Wednesday, September 12, 2018

Movie Review: Robin Williams: Come Inside My Mind

Robin Williams: Come Inside My Mind *** ½ / *****
Directed by: Marina Zenovich.
It’s not hard to make a documentary about Robin Williams that hits an emotional sweet spot. While it’s been four years since his death, it still seems fresh – as it often does when people die at too young an age, and in tragic circumstances as Williams did. Director Marina Zenovich does a good enough job of providing a surface level view of Williams life and career – and yes, but the end you may well find yourself crying, as you hear his friend’s recollections of their final interactions they had with him, and illnesses that so affected him in those final years. Yet, you would think that a documentary called Come Inside My Mind would, you know, go inside the mind of Williams – and this film never really does that. It does feature a lot of clips of interviews with Williams – even ones where he wasn’t constantly joking and putting on a show – but that seems to mainly be in the early sections of the film. By the end, it’s basically talking heads talking about Williams, and clips from his work – both the stuff that made the final cut, and the brilliant insanity that often did between takes.
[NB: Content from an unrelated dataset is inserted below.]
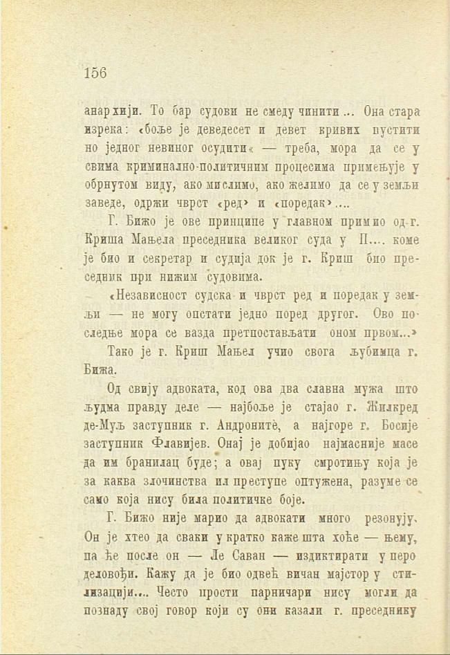 анархији. То бар судови не смеду чинити ... Она стара изрека: «боље је деведесет и девет кривих пустити но једног невиног осудити« — треба, мора да се у свима криминално-политичним процесима примењује у обрнутом виду, ако мислимо, ако желимо да се у земљи заведе, одржи чврст «ред» и «поредак»....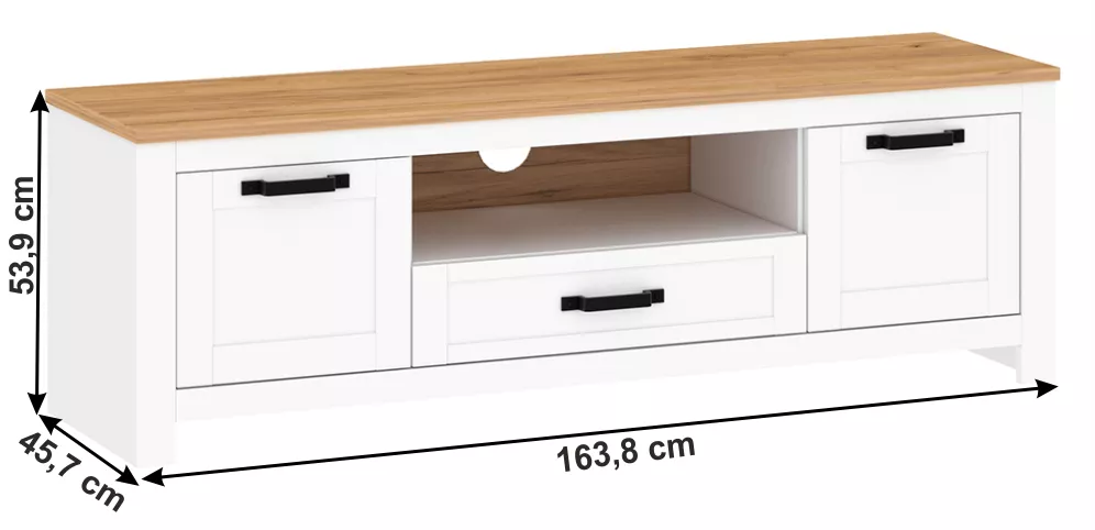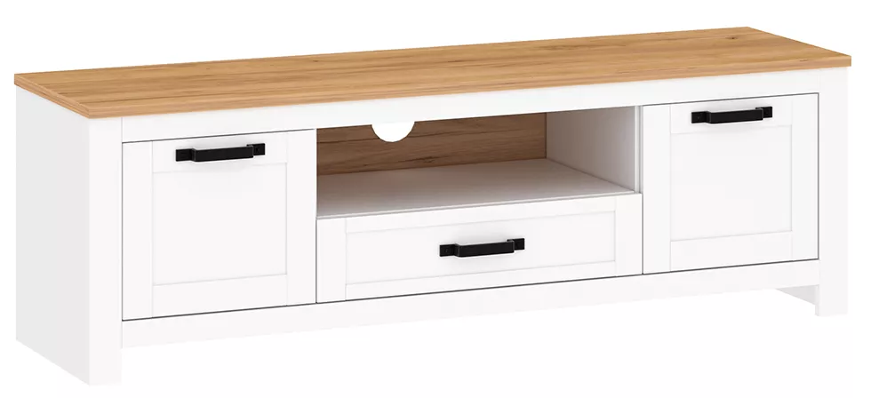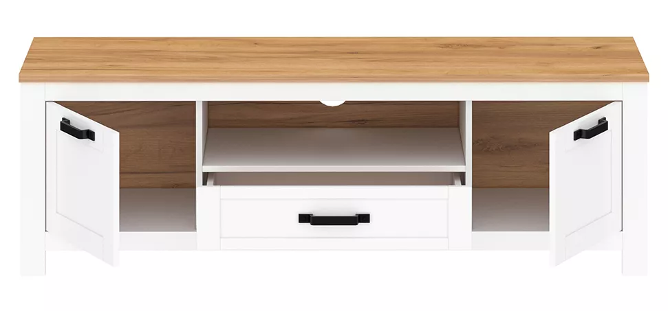 Stolek nabízí dostatek úložného prostoru pro elektroniku, příslušenství i drobnosti každodenní potřeby. Je vybaven dvěma jednodveřovými skříňkami, zásuvkou a otevřenými policemi, které umožňují přehledné uspořádání TV techniky. Ozdobné úchytky podtrhují romantický charakter nábytku a dodávají mu elegantní vzhled.

Like many docs on a subject like this, it feels like its skimming the surface – albeit, in a satisfying way.
The film presents Williams’ life in chronological fashion – from his quiet childhood with a strict father, and a goofy mother – where he was raised as an only child, despite having two half-brothers that he rarely saw. The film talks about how he got into acting, and his early work – but it isn’t long before we’ve flown ahead in Mork & Mindy, and then throughout the rest of his career. In many ways, the film feels like a career retrospective, with personal details thrown in.
Not that the approach in itself doesn’t work. There is a wealth of great footage here that even if you love Williams, you’ve never seen before – his insane improvisations on Mork & Mindy, which would be too profane for TV shows, clips from him doing standup, and even footage from the set of One Hour Photo – a film that Williams delivered a terrific, subtle, quiet performance – although he was as nutty as ever between takes. Director Mark Romanek talks about how he would just let him go – sensing that he needed to get that all out so he could be as subdued as he needed to be. Whatever the process, it worked.
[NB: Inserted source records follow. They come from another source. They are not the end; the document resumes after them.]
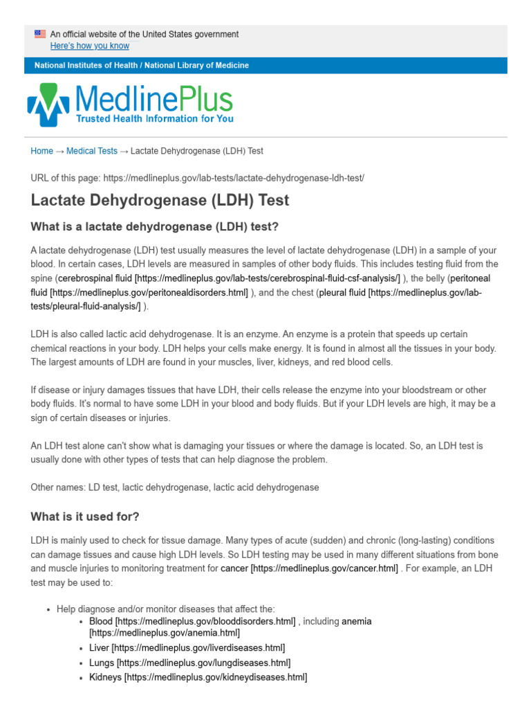 Lactate Dehydrogenase (LDH) Test & Example Free PDF Download - The ldh (lactate dehydrogenase) test measures the level of ldh in the blood. State sex of patient on the test request. The highest levels are seen in patients with megaloblastic anemia, disseminated carcinoma, and shock. Ld isoenzymes, or lactate dehydrogenase isoenzymes, measures different forms of ld in the blood. Increased amounts may occur in association with ischemic necrosis, meningitis, leukemia,. You should also read this: How Accurate Are Hiv Tests After 2 Weeks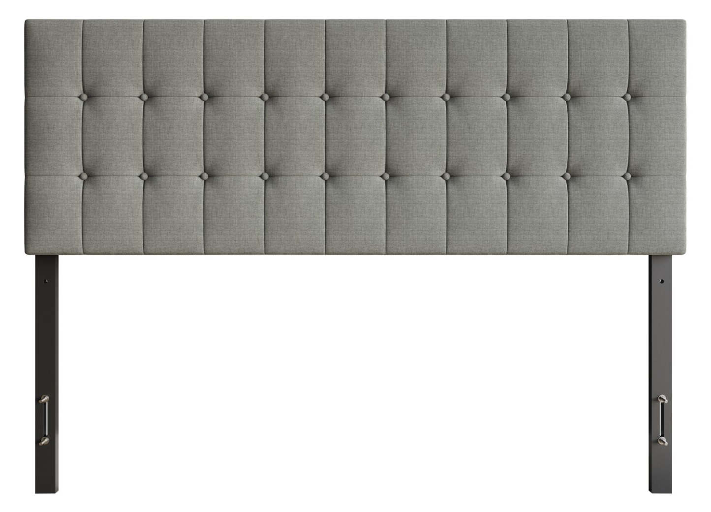 Tête de lit rembourrée Ellis en tissu gris, capitonné à boutons - Queen Size | Tête de lit rembourrée Ellis en tissu gris avec capitonnage à boutons - format grand lit
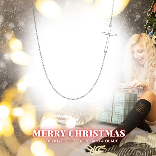 EleQueen 925 Sterling Silver Sideways Cross Pendant Choker Necklace Christian Jewelry Gifts for Mother Women Girls (Sideways Cross Necklace), Valentine's Day/Mother's Day/Christmas Jewelry Gift for Wife/Mom 4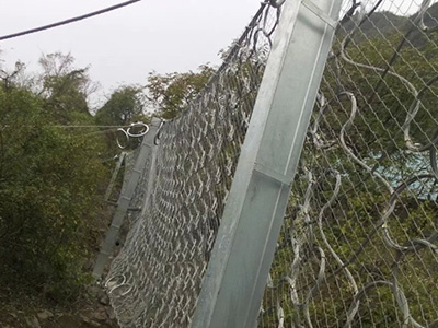環(huán)形網(wǎng)是有單根鋼絲盤結(jié)而成兩端頭間搭接長度不小于100mm。盤結(jié)而成的環(huán)用鋼質(zhì)或鋁合金緊固件至少在均勻分布的三處箍緊,且其中一處位于兩端頭的搭接處,除邊緣環(huán)孔外,每個環(huán)與其周邊的4個環(huán)相扣聯(lián)。單機(jī)具即可進(jìn)行系統(tǒng)的安裝、維修和部件更換。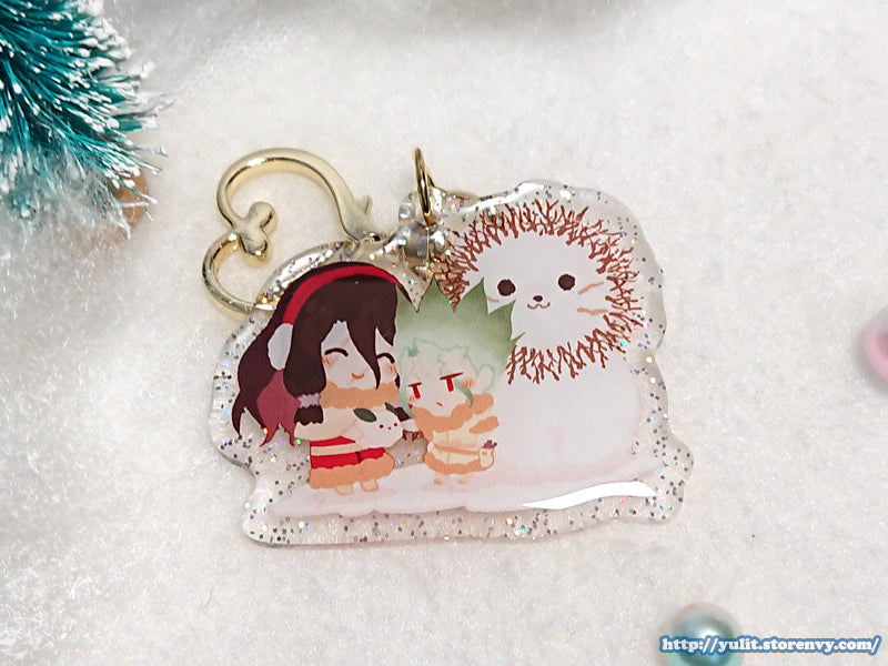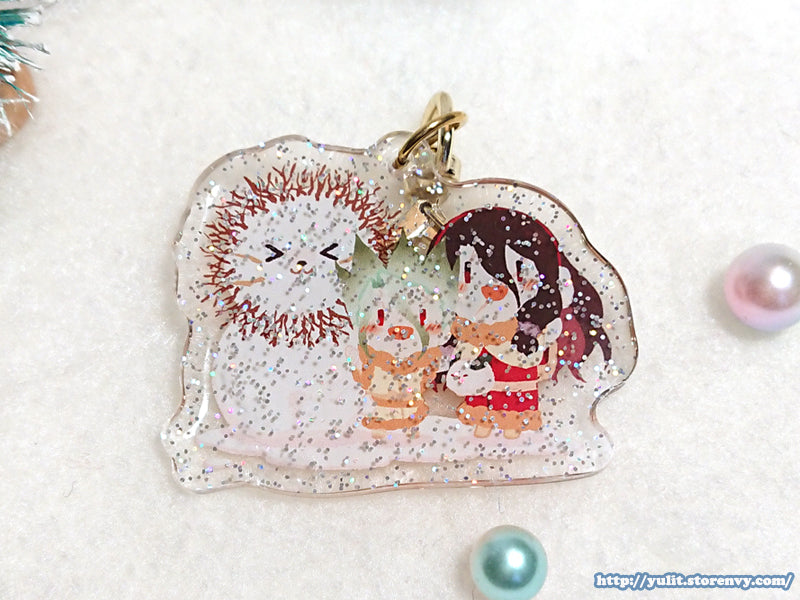 Printed on clear acrylic with hand poured resin and glitters on the back.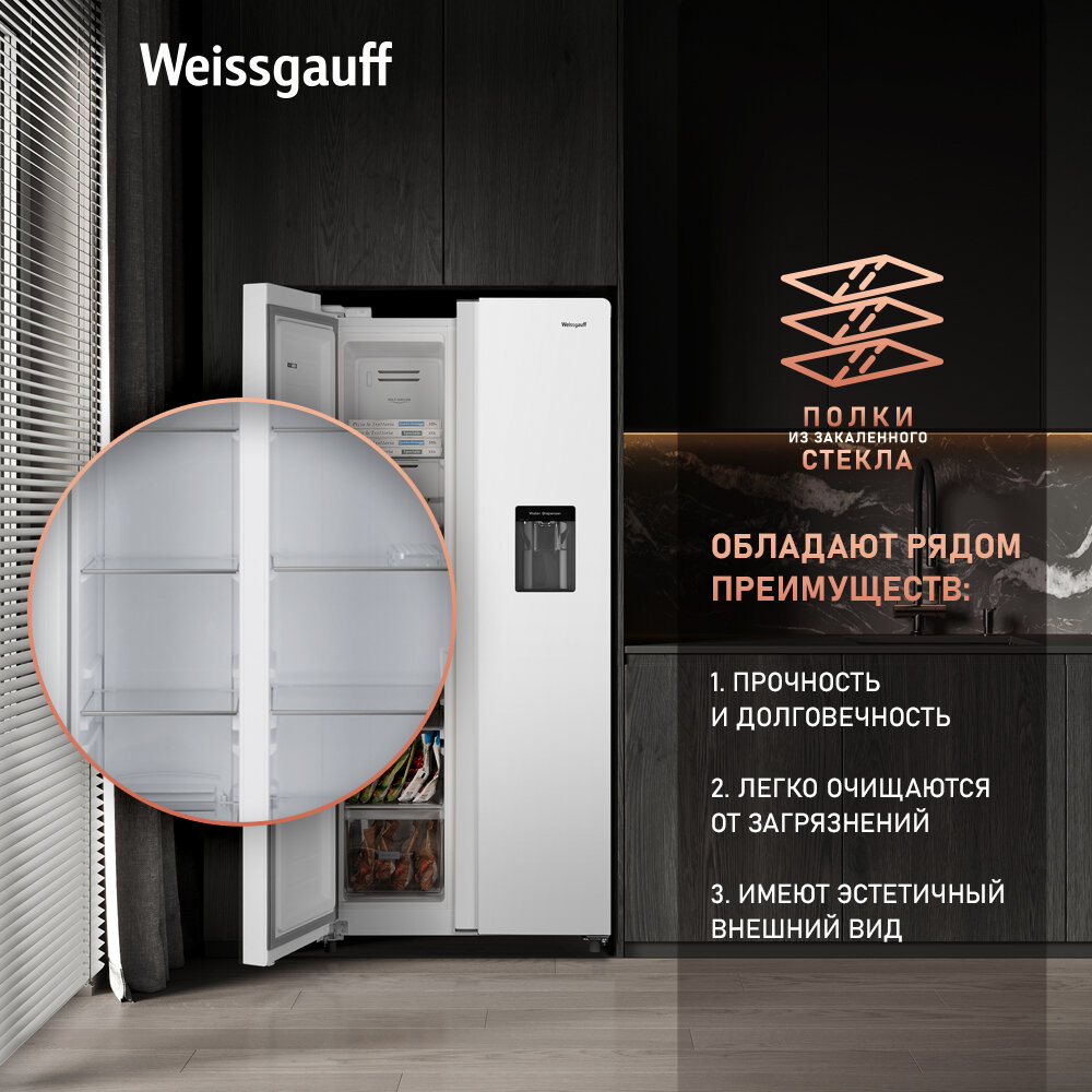 СохранитьОтдельностоящий холодильник с инвертором и подачей воды Weissgauff WSBS 600 W NoFrost Inverter Water Dispenser Side by Side двухдверный, 3 года гарантии, Мощность замораживания 12 кг сутки, Объём 500 л, Сенсорное управление, Суперзаморозка, A+ интересное:

I do find it curious what they decide to highlight, and what they decide to leave out – it almost feels like if they could get behind the scenes footage, they’d use it – and if not, then no. Christopher Nolan’s Insomnia doesn’t get a mention, and neither of Hook, Jack and others – despite the big name directors attached. Dead Poets Society is only trotted out at the end in the most obvious (but still effective) way imaginable.
I wish there were more personal stuff in the documentary – or that it delved a little deeper. It talks about his marriages, but only in cursory ways (only his first wife appears in the film), and his son mentions briefly how sad it made him that his dad always felt the need the be “on” for a group of people, instead of just being himself. It mentions the death of John Belushi – that happened hours after Williams last saw him – but pulls away before getting too deep. If you want to know more about Williams the person, I think Marc Maron’s interview with him on WTF is more enlightening than this film.
And yet, the film is still good. You are limited when making a doc about the material you have, and the material Zenovich has here is fascinating and enlightening into Williams the performer, and his process. Less so about him as a person – even if, the final act of the film has many people recalling him in the final years of his life. Those interviews hit the emotional spot they are going for. I just think there is a deeper film to be made here – and maybe, one day, we’ll get it.